Site Checker Status codes

Here are the status codes that the site checker returns:

The URL Checker

The URL Checker interface is designed to help you quickly find records that need to be maintained. It lets you query the database for records based on their Site Checker status, INFOMINE Category, and the record creator’s institution.

The top of the page contains the URL Checker Search box, which lets you set up a query. You can choose any (or all) of the Site Checker Status results described above, and click on the Search button to get a list of records with that status.

You can filter URL Checker Search results by INFOMINE Category (records from the selected categories will be shown, selecting none is the same as selecting them all) or by the institution of the record creator. Finally, there are options to limit your search to a particular number of records (10 is the default), to expert records only (recommended), and to local records only (recommended).

The result list presents the records that match your query. The Record Id number, Title and URL of the resource are shown; clicking on the URL will open that URL in a new window.

Several standard record editing icons are displayed: the "View Record", "Comment on Record", "Edit Record", and "Delete Record" buttons work as they do elsewhere. The "Clear" icon can be used to clear the Site Checker Status for a particular record, which will remove the record from the list (until next time the Site Checker sets its status).

For Redirected URLs, an Update URL icon appears when a suggested new URL has been identified. Pressing the button replaces the record’s current URL (which is show, marked "Current URL") with the suggested new URL (which is also shown, marked "Suggestion"). Note that the suggestion is not always appropriate (note the "Redirected onsite" description above).

Finally, there are a few unusual features in the result list that do not appear anywhere else. The third major column looks something like this:

Failed
07/13/2004

The topmost element is the record's Site Checker Status, in this case Failed.

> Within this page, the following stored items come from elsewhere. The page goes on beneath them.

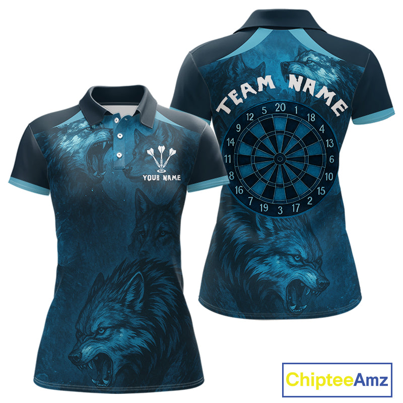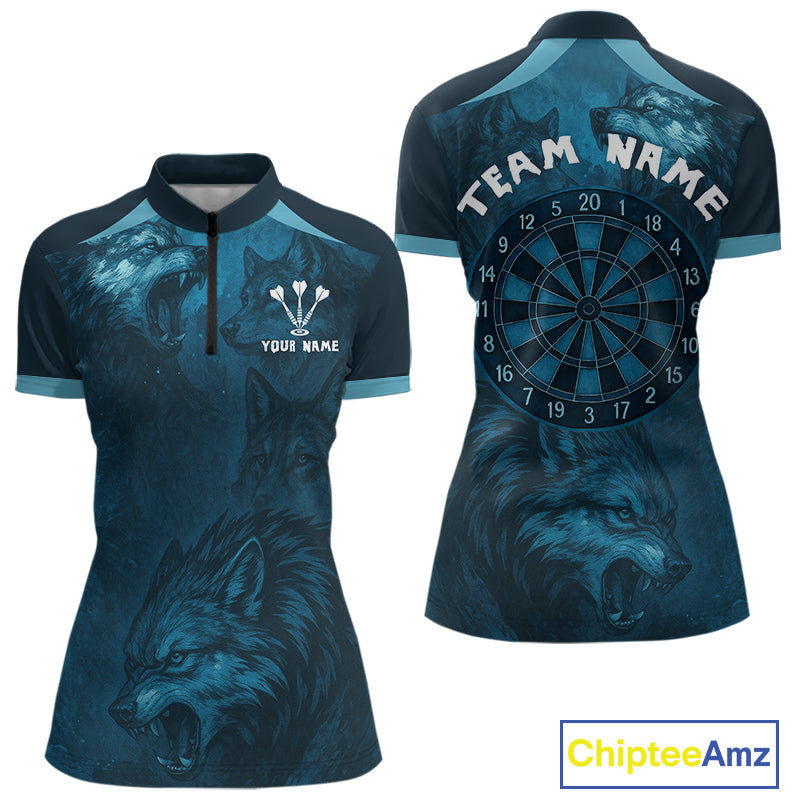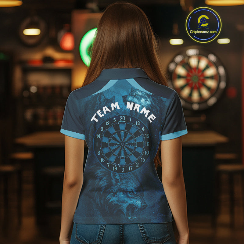 Women’s Team Darts Shirt With Dark Navy Wolves And Grunge Dartboard Pattern NYN0306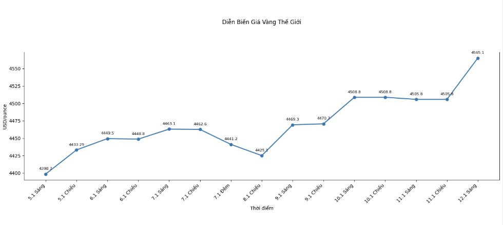 Lúc 9h17, giá vàng thế giới niêm yết quanh ngưỡng 4.565,1 USD/ounce, tăng 56,3 USD so với một ngày trước.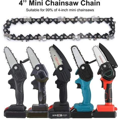 ăCompatible avec les mini-tronçonneuses 4 poucesăLa chaĂźne de tronçonneuse est un accessoire original, compatible avec toutes les mini tronçonneuses de 4″ sur le marchĂ© comme 20 V, 21 V, 24 V, 26 V, etc. Une fois que la chaĂźne est fixĂ©e Ă la machine, elle peut ĂȘtre utilisĂ©e immĂ©diatement sans aucune mesure supplĂ©mentaire.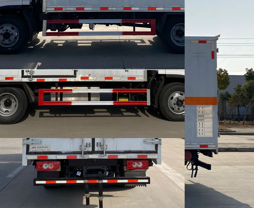 配置 | 該車為危險品運輸車,運輸具有**容器(瓶)包裝的物品,運送危險物品類項號:4.1,4.2,4.3。廂體頂部封閉,不可開啟。側后防護材料均為Q235,螺栓連接,后防護截面尺寸(mm)100×50,下邊緣離地高450mm。選裝后部尾板,選裝后部尾板時后防護材料為Q235,螺栓連接,截面尺寸(mm)φ100,下邊緣離地高450mm。廂體選裝側開門及位置或無側門、選裝后門雙拉桿,廂體選裝瓦楞板結構,選裝百葉窗。僅選用排氣管前置、限速裝置(限速80km/h)、前輪盤式制動及子午線輪胎的底盤;轉向輪裝備輪胎爆胎應急防護裝置。安裝帶有衛星定位功能的行駛記錄儀。ABS型號/生產廠家:ABS-E/威伯科汽車**系統(**)有限公司,ABS-VI·E/廣州瑞立科密汽車電子股份有限公司,YF8/武漢元豐汽車電控系統有限公司。發動機/油耗值(L/100Km)對應關系為: F2.8NS6B131/11.47,Q28-130E60/11.02。尾板收起狀態水平長度為280mm,尾板質量為350kg。選裝ETC。 | ||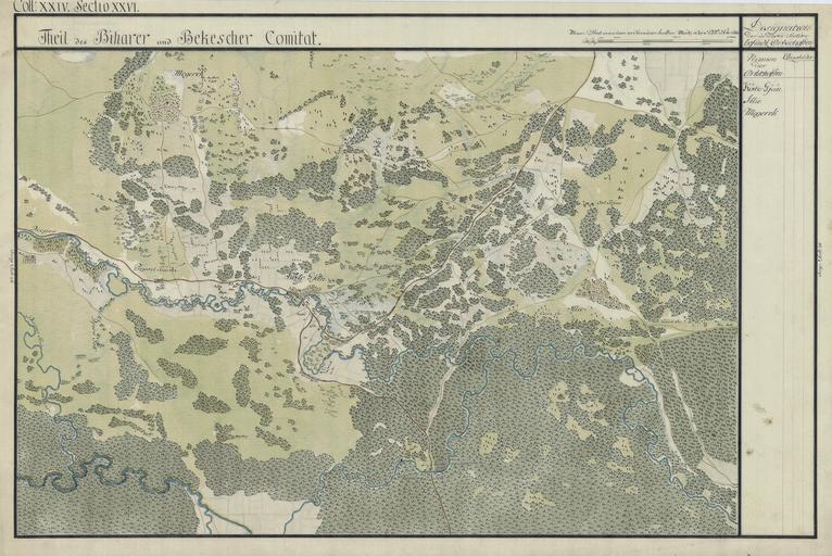 | Keywords: BihorSolnocCrasna Josephinische Landesaufnahme pg24-26.jpg wikitable style margin 1em auto 1em auto width 80 Name shown on the map<br>Nume din hartă Administrative unit<br>Unitate administrativă Romanian name<br>Numele românesc Hungarian name<br>Numele unguresc German name<br>Numele german Country today<br>Ţara de astăzi - Kote-Gjan Bihar Kötegyán Magyarország - Illie Bihar Ciumeghiu Illye Csömög Csümeg Illye Csömög Csümeg România - Megerek Bihar Micherechi Méhkerék Magyarország - Kingdom of Hungary 1782-85 Josephinische Landesaufnahme pg 24-26 <br>Counties shown on the map <br>1 Bihar County<br>2 Bekeser County Harta Iosefină a Regatului Ungariei 1782-85 Josephinische Landesaufnahme pg 24-26 <br>Comitate prezentate pe hartă <br>1 Comitatul Bihor<br>2 Comitatul Bichiş Österreichisches Staatsarchiv Kriegsarchiv Historische Militärkarte der österreichisch-ungarischen Monarchie 1782-1785 PD-old-100 Clickable Map of the Bihor Solnoc Crasna County BihorSolnocCrasnaCountyJosephinischeLandesaufnahme1782-85 Josephinische Landaufnahme Old maps of Békés County |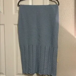Chic light blue pencil skirt. Features a textured knit design. Perfect for versatile styling.
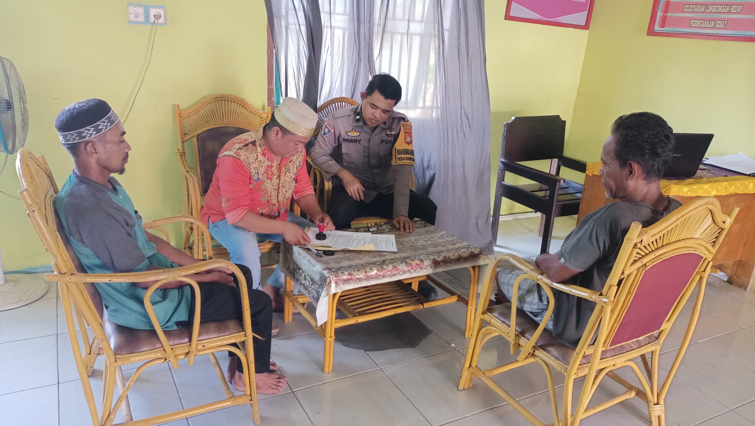 Pada Jumat, 20 Februari 2026 pukul 14.00 Wita, bertempat di Mako Kantor Desa Randomayang, Kecamatan Bambalamotu, Kabupaten Pasangkayu, AIPDA Hamdani memfasilitasi mediasi antara kedua belah pihak yang terlibat dalam kasus penganiayaan yang terjadi pada 17 Februari 2026 di Dusun Matua Jaya, Desa Randomayang.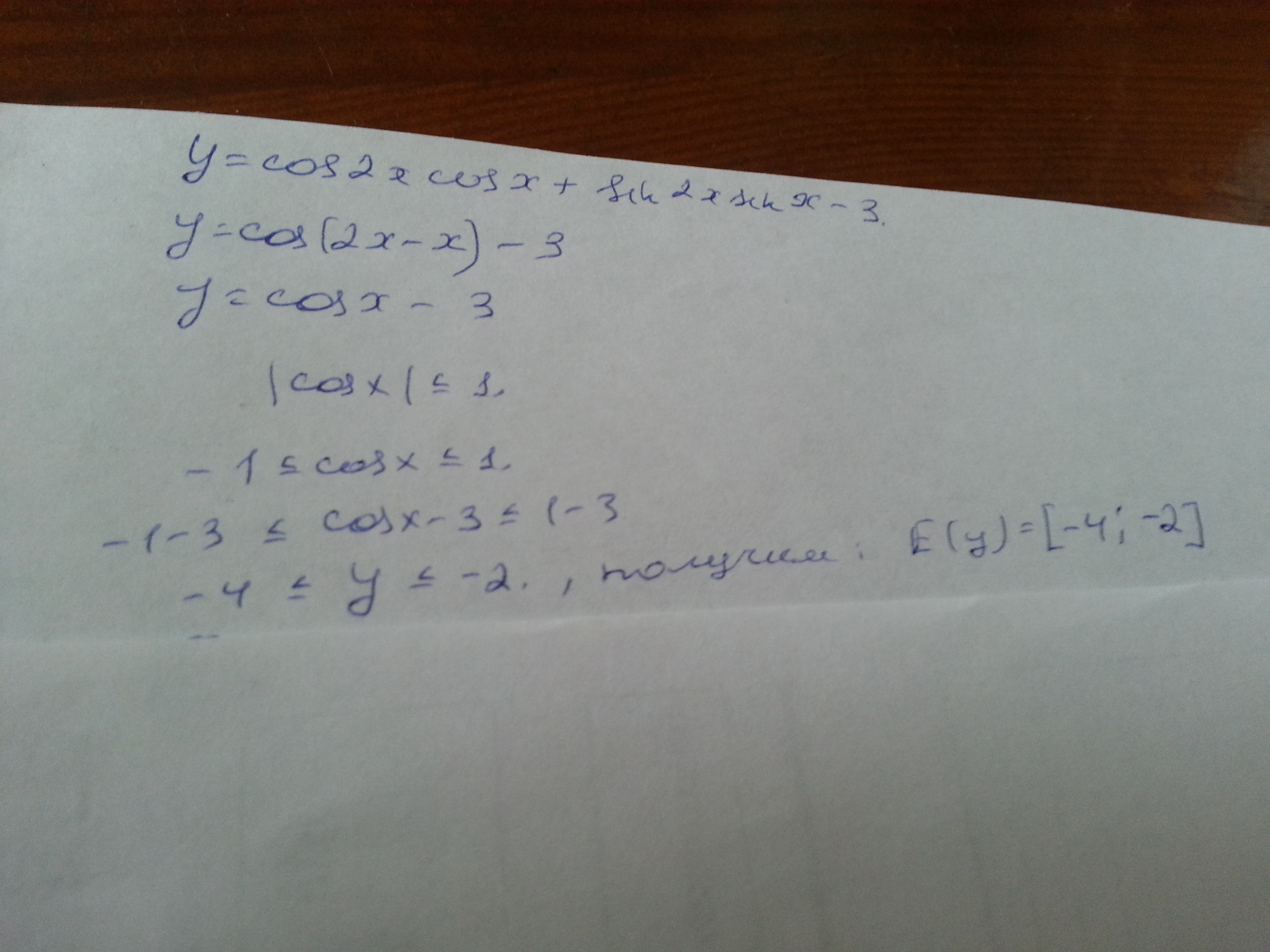 Нужно найти множество значений функции у=cos2x*cosx+sin2x*sinx-3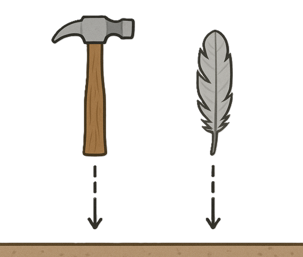 Exercise 1.1: Drop a hammer and a feather in a vacuum. Which hits first?

The middle element is the date that the sire_checker last changed the status of this record: in this example, the date is several weeks ago, which means the Site Checker has looked at the record several times, and each time it has returned the same status: Failed.

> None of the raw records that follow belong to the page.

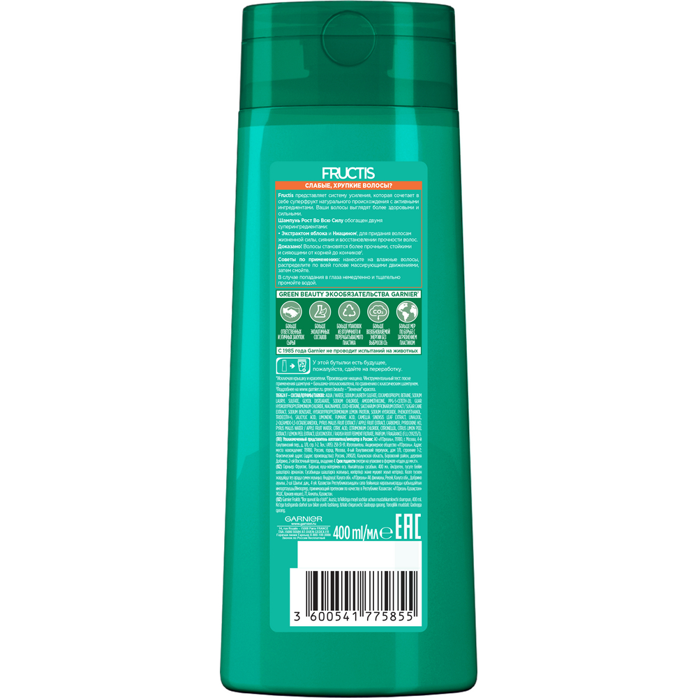 Купить GARNIER Fructis шампунь Рост во всю силу Укрепляющий для ослабленных волос, склонных к выпадению, 400 мл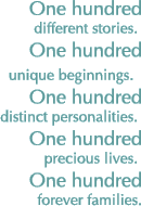 We are proud to announce that we have just celebrated our 100th adoption. Each of the 100 children played an important role in making New Day Foster Home what it is today. Their unique personalities and stories transformed us and shaped NDFH in ways too numerous to count. We've seen children survive heart surgeries they should never have survived. We've seen children walk who should never have taken steps. We've seen children bloom and blossom who we were told would never open themselves to affection. In short, for each of the 100 children we've had adopted, we've seen many miraculous transformations. And for us, the simple fact that 100 children who were discarded, unwanted, and deemed hopeless are now living with their forever families is the biggest miracle of all.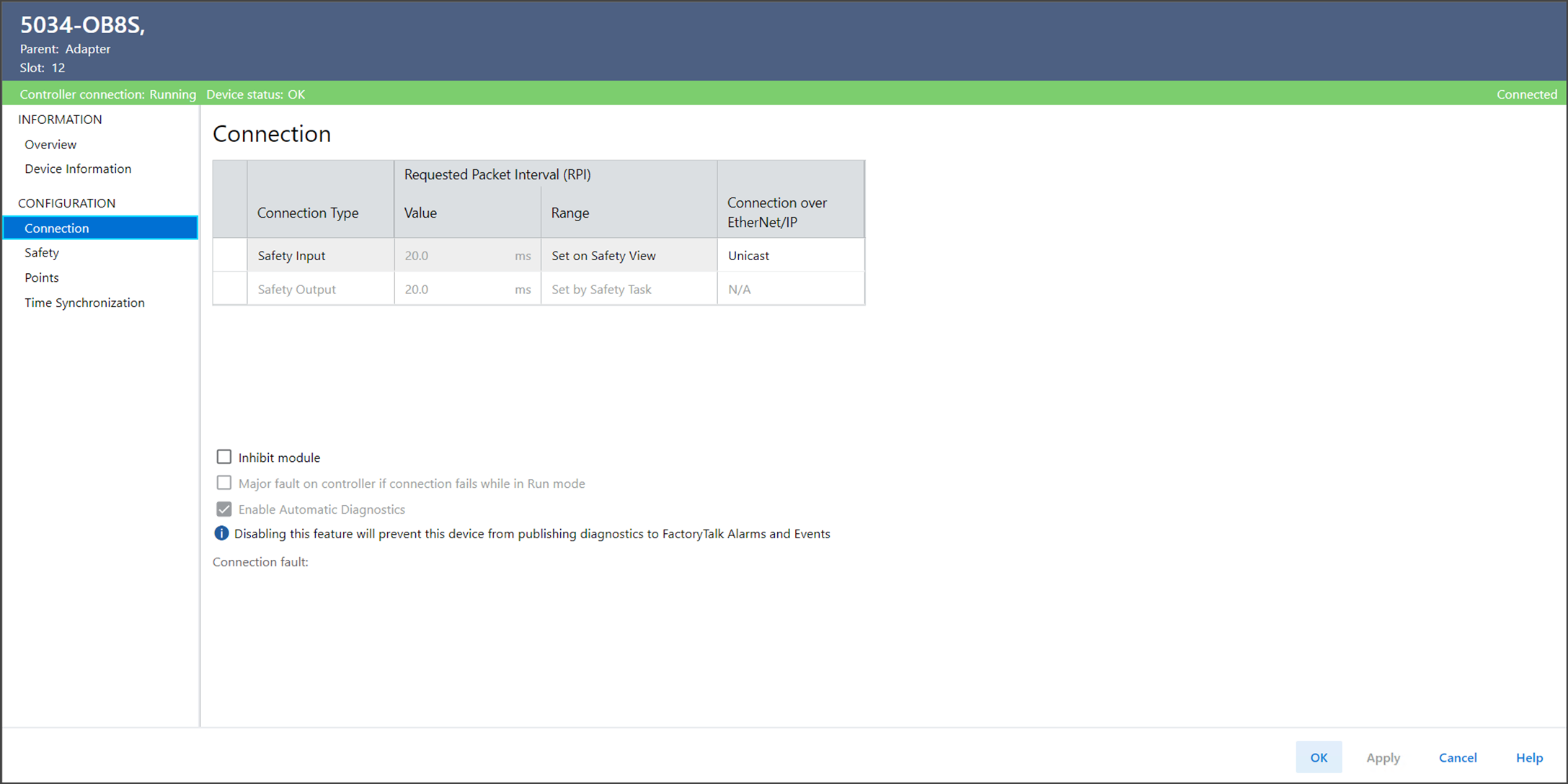 - Configure a resposta a falhas para falhas de conexão enquanto o controlador estiver no modo de operação.

Finally, the "No Fix" button is a special operation that is used to tell the site_checker to ignore this record in the future. If you click on "No Fix", the record will never show up in the URL Checker again, even if there is a problem with the site. This feature has a number of uses. For example, if you maintain a record for a frequently changing URL (e.g. a news site like CNN.com), you can mark it "No Fix" and it will no longer be displayed in the list of query results.